Vitamin D: Many individuals with asthma are vitamin-D deficient and this vitamin is critical for a healthy immune system. Research suggests that increasing vitamin D levels may reduce asthma symptoms. Optimise your vitamin D status by having a daily sunbath and/or take vitamin D3 supplements regularly.
CLEAN UP THE ENVIRONMENT
Asthmatics also need to optimise the cleanliness of the air they breathe. Air-borne pollutants abound in the modern home and workplace. House dust, smoke, chemical sprays and odors, animal dander (hairs and fur) – all can trigger asthma and should be avoided as much as possible.
USE BREATHING EXERCISES
Breathing techniques are used for asthma, but general they involve learning to take slower, longer breaths, to breathe through your nose rather than your mouth, and to use your abdominal muscles to take deep ‘belly breaths’.
Two specific breathing techniques for asthma include the Buteyko breathing technique and yoga breathing exercises (pranayama). In a number of studies, people who did such breathing exercises reported improvement in their symptoms. These methods also emphasise stress reduction and good nutrition.
Acupuncture originated in China thousands of years ago and involves the insertion of very thin needles into your skin at specific points on your body. Some studies show that asthma improves with acupuncture and is very safe when delivered by trained practitioners. This suggests working with an experienced acupuncturist or a medical doctor who practises acupuncture.
Herbal remedies have been used for centuries and are still a primary asthma treatment in many countries. Herbs used in treating asthma include ephedra, green tea, ginger, schizandra, rosemary, pycnogenol, boswellia, aloe vera and ginkgo biloba. All these herbs have definite anti-inflammatory properties.

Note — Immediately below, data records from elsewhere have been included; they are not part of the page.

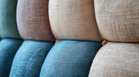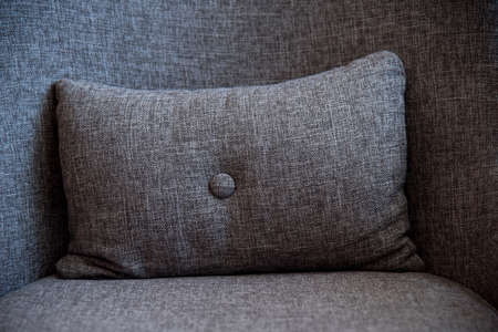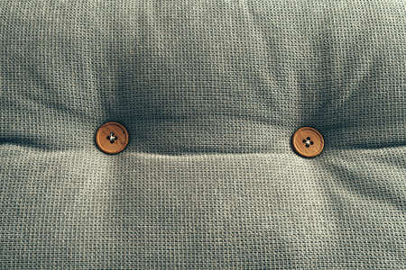 Gray couch surface background with buttons. Sofa pillow detail, close up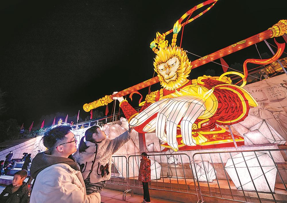 春节期间,在福州马尾琅岐红光湖公园举办的第二十三届“两马同春闹元宵”灯会吸引了众多市民游客。“两马同春闹元宵”2008年被列入国家级非物质文化遗产名录。今年的灯会分为“闽在海中”“向海图强”“扬帆四海”“永佑海疆”“左海风物”“星辰大海”六大主题片区,集中展示了福建海洋文化、“两马”民俗文化、船政文化和闽台文化。(记者 施辰静 摄)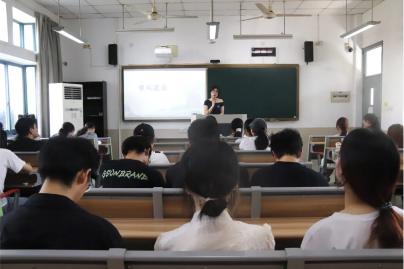 最后,俞贝老师为班委们提出班级管理与学风建设的建议。她指出,班委需进行高效的信息阅读与精准的信息提取,整合提炼繁杂信息后再传达,以确保同学准确理解、高效执行;更要以责任心落实每一项工作,用主动作为扛起班级管理的重任。同时,提醒班委把握军训契机,多与同学互动熟悉,为班级凝聚力打基础。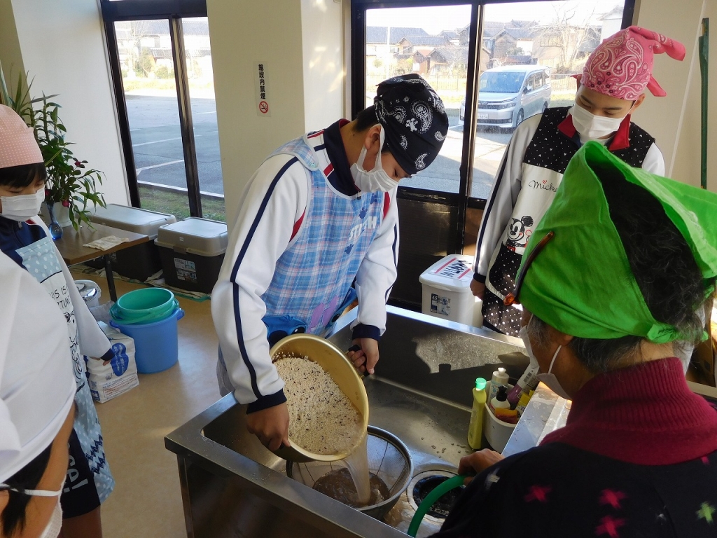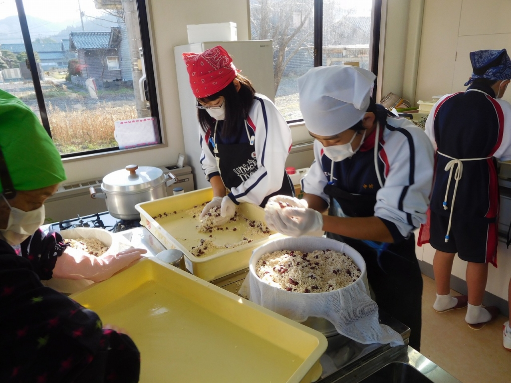 昨年、栽培し収穫した小豆ともち米を使って一年生が、赤飯作りに挑戦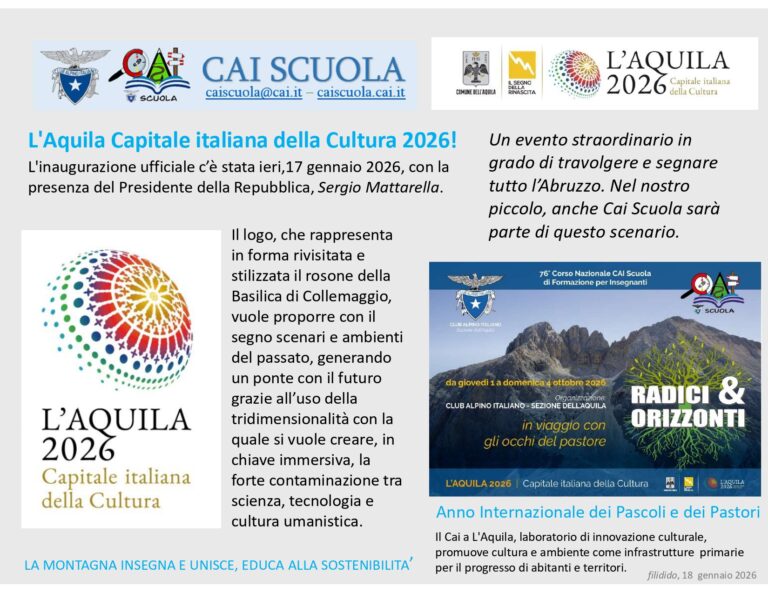 L’Aquila Capitale italiana della Cultura 2026! – Cai Scuola L’Aquila Capitale italiana della Cultura 2026! – Cai Scuola L’inaugurazione ufficiale il 17 gennaio 2026, con la presenza del Presidente della Repubblica Sergio Mattarella. Un evento straordinario in grado di travolgere e segnare tutto l’Abruzzo. Nel nostro piccolo, anche Cai Scuola sarà parte di questo scenario. … Leggi tutto L’Aquila Capitale italiana della Cultura 2026! – Cai Scuola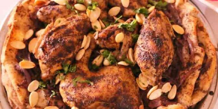 - نأخذ رغيف الطابون وندهنه بسائل البصل من الجهتين ويوضع في صينية ويضاف عليه البصل ثم اللحم المقلي ويرش كثيراً من السماق وتدخل الفرن لمدة 4-5 دقائق من فوق أي تحت الشواية ثم تنزل لتحمير الوجه الآخر لمدة 4-5 دقائق ثم توضع الدجاجة المحمرة ويرش الصنوبر أو اللوز وتقدم مع اللبن وبالهناء والشفاء.
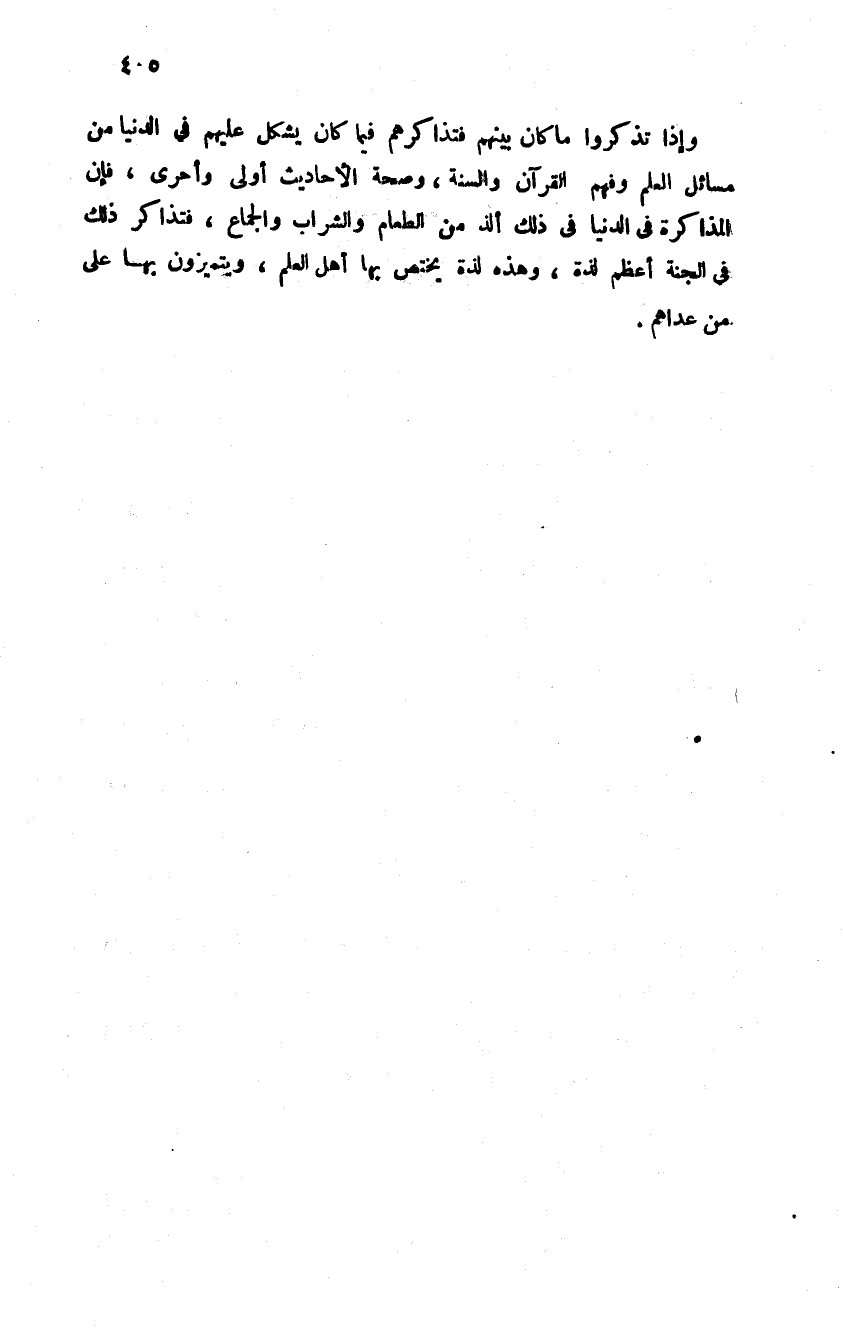 وإذا تذاكروا ما كان بينهم فتذاكرهم فيما كان يشكل عليهم في الدنيا من مسائل العلم وفهم القرآن والسنة وصحة الأحاديث أولى وأحرى فان المذاكرة في الدنيا في ذلك ألذ من الطعام والشراب والجماع فتذاكر في الجنة أعظم لذة وهذه لذة يختص بها أهل العلم ويتميزون بها على من عداهم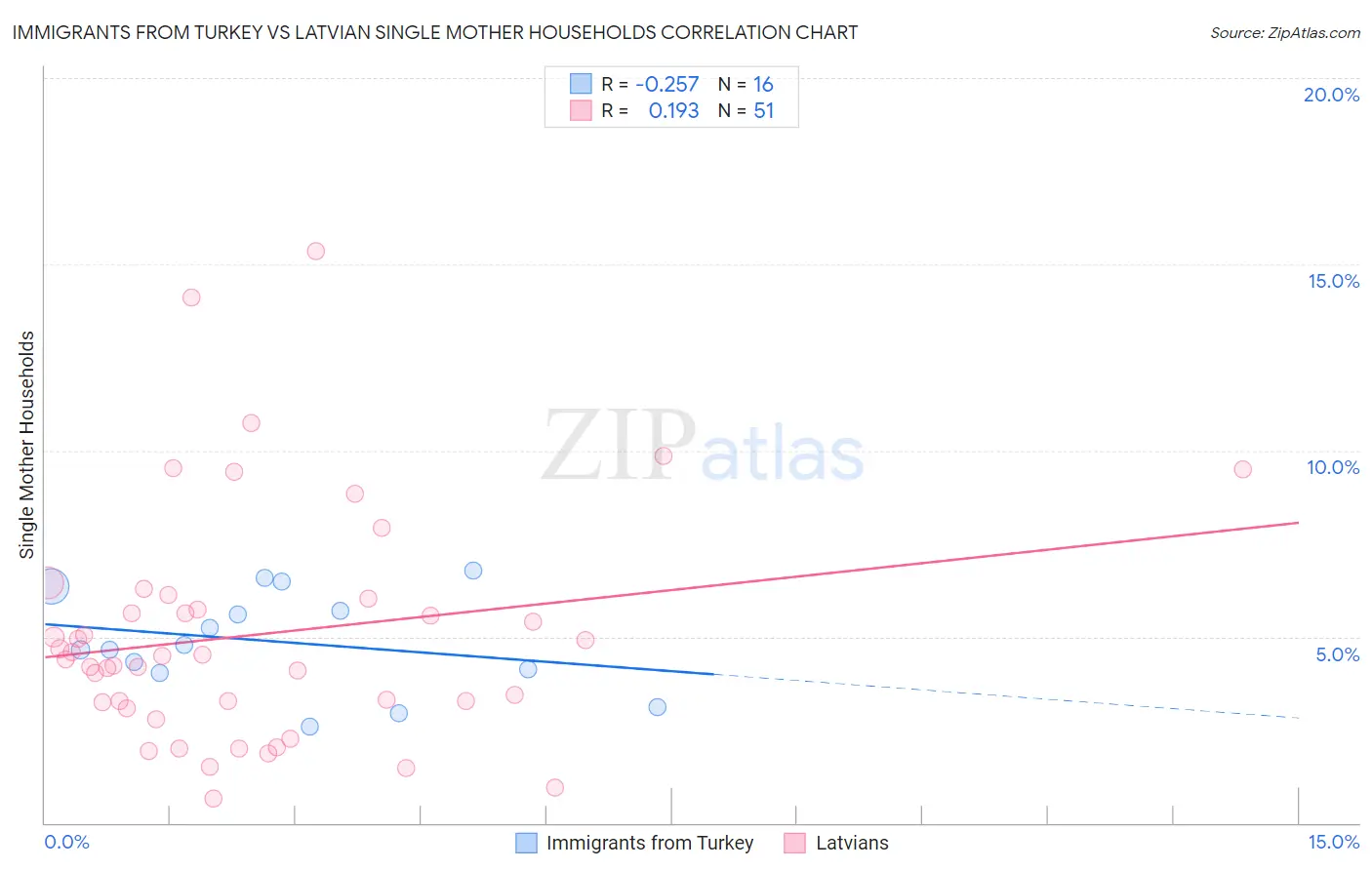 Immigrants from Turkey vs Latvian Single Mother Households Correlation Chart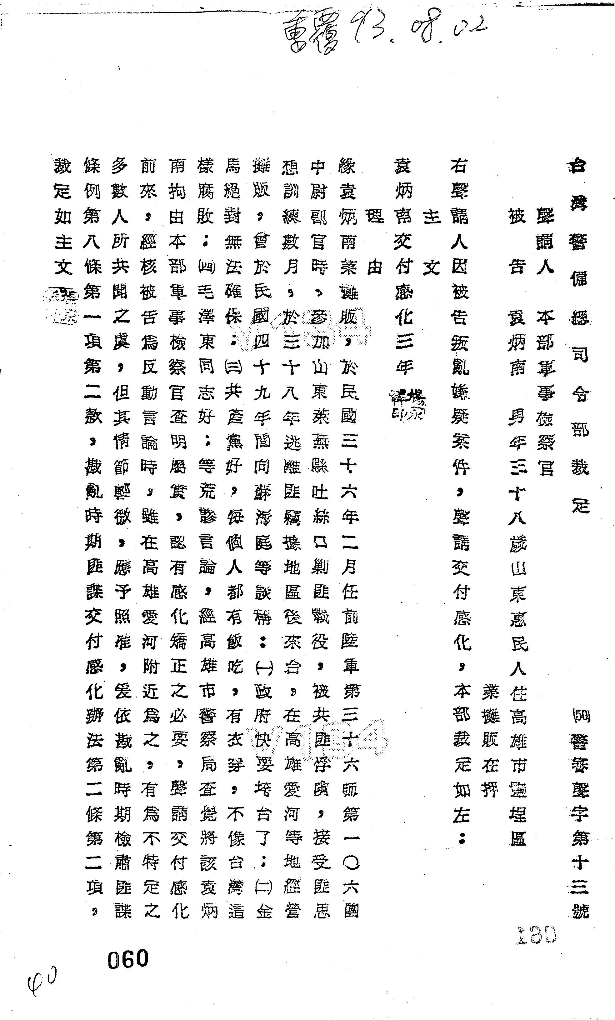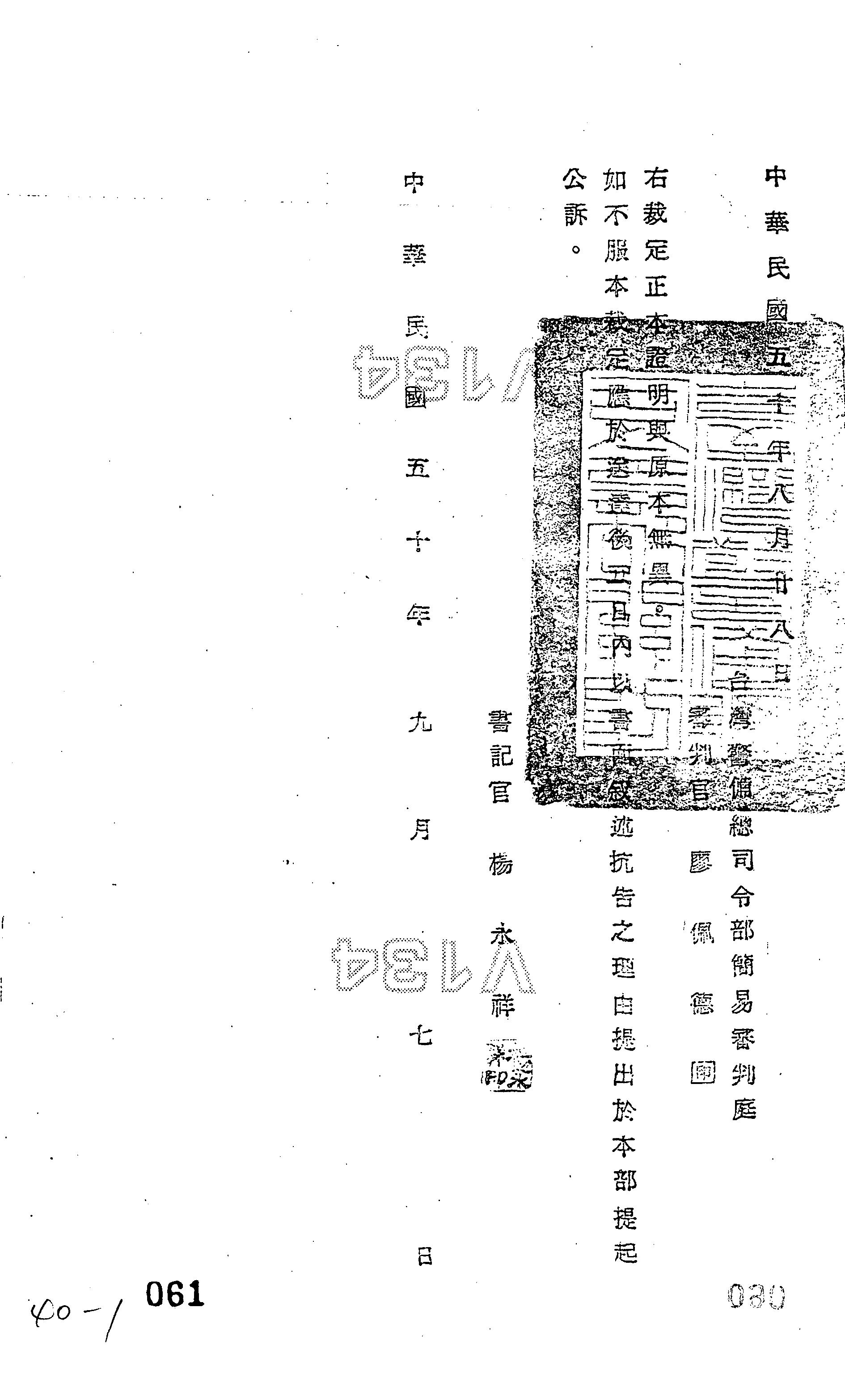 臺灣警備總司令部50年警審聲字第0013號裁定書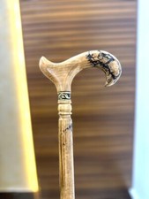 Ancienne canne bâton de marche en bois de créateur manche victorien rond en l...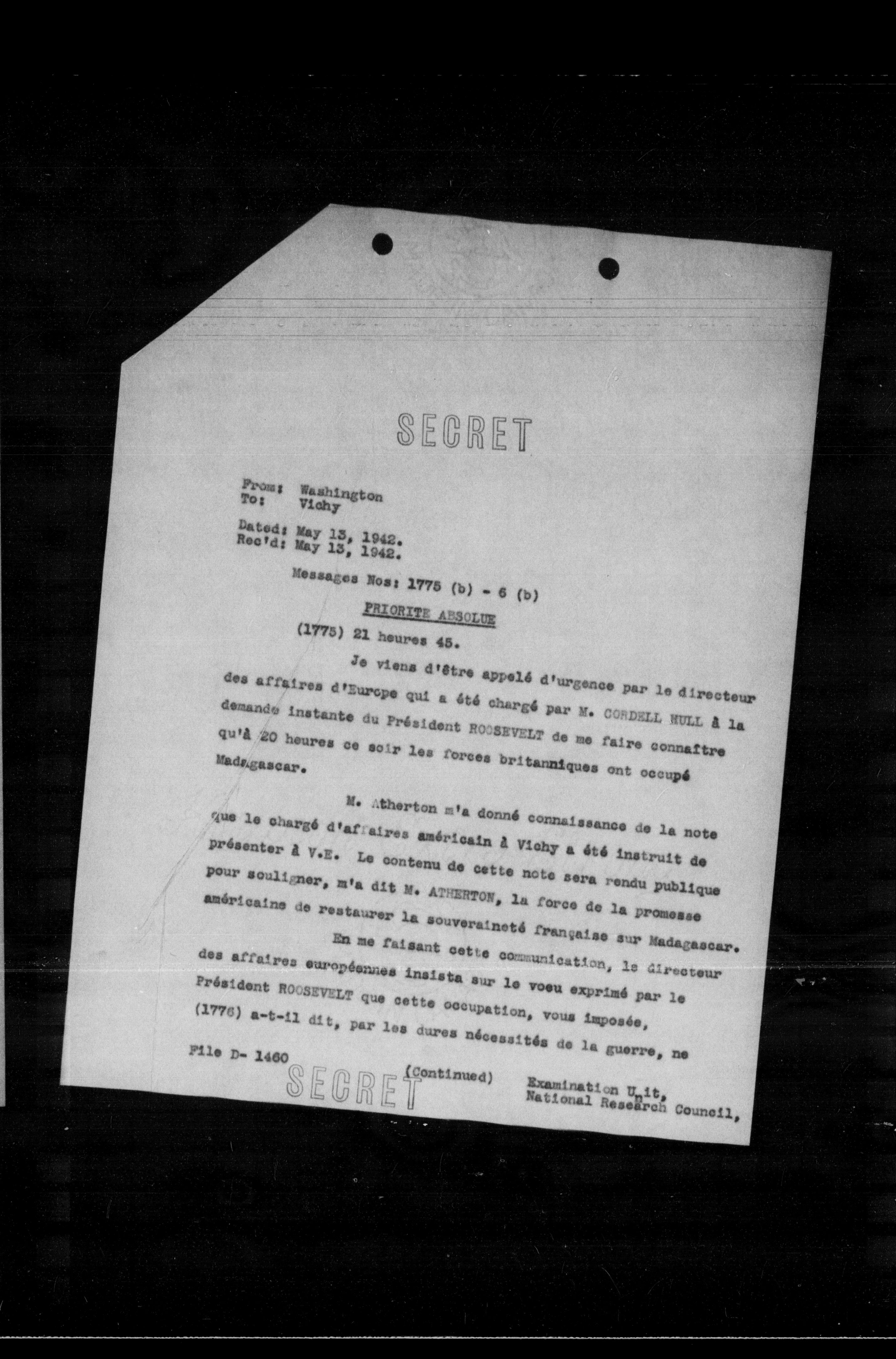 Je viens d'être appelé d'urgence par le directeur des affaires d'Europe qui a été chargé par M. CORDELL HULL à la demande instante du Président ROOSEVELT de me faire connaitre qu'ả 20 heures ce soir les forces britanniques ont occupé Madagascar.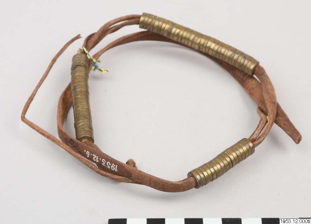 • Tre skinnremmar förenade med kompakt uppträdda mässingsbrickor på tre ställen.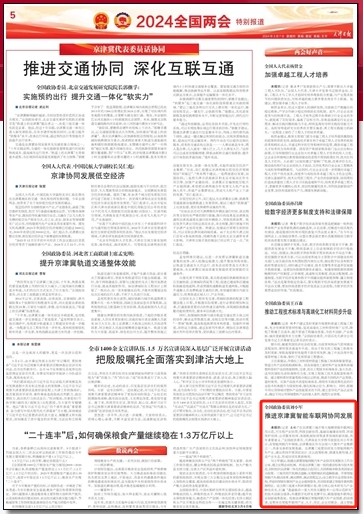 3月7日,《天津日报》报道beat365官网全国政协委员刘小军在全国两会积极履职建言。全国两会正在进行,beat365官网全国政协委员、图书馆馆长刘小军教授积极履行职责、主动担当作为,提出了关于推进京津冀智能车联网协同发展的建议。新京报客户端也进行了专题报道。

Blends of different types of herbs are commonly used in traditional Chinese, Indian and Japanese medicine, as certain combinations of herbs may be more effective than a single herb. Some herbal remedies can interact with prescription medications, so inform your doctor if you choose to use both.
Homeopathy stimulates the body’s self-healing ability using very small doses of substances that would cause the problem. For asthma, homeopathic remedies are made from substances that generally trigger an asthmatic reaction, such as pollen or weeds, but in such tiny amounts that they prevent rather than cause an asthma attack.
Relaxation therapy techniques include meditation, biofeedback, hypnosis and progressive muscle relaxation. These techniques help asthma by reducing stress, relieving the symptoms and promoting a sense of well-being. In psychogenic asthma (emotionally induced asthma), these methods may cure the problem.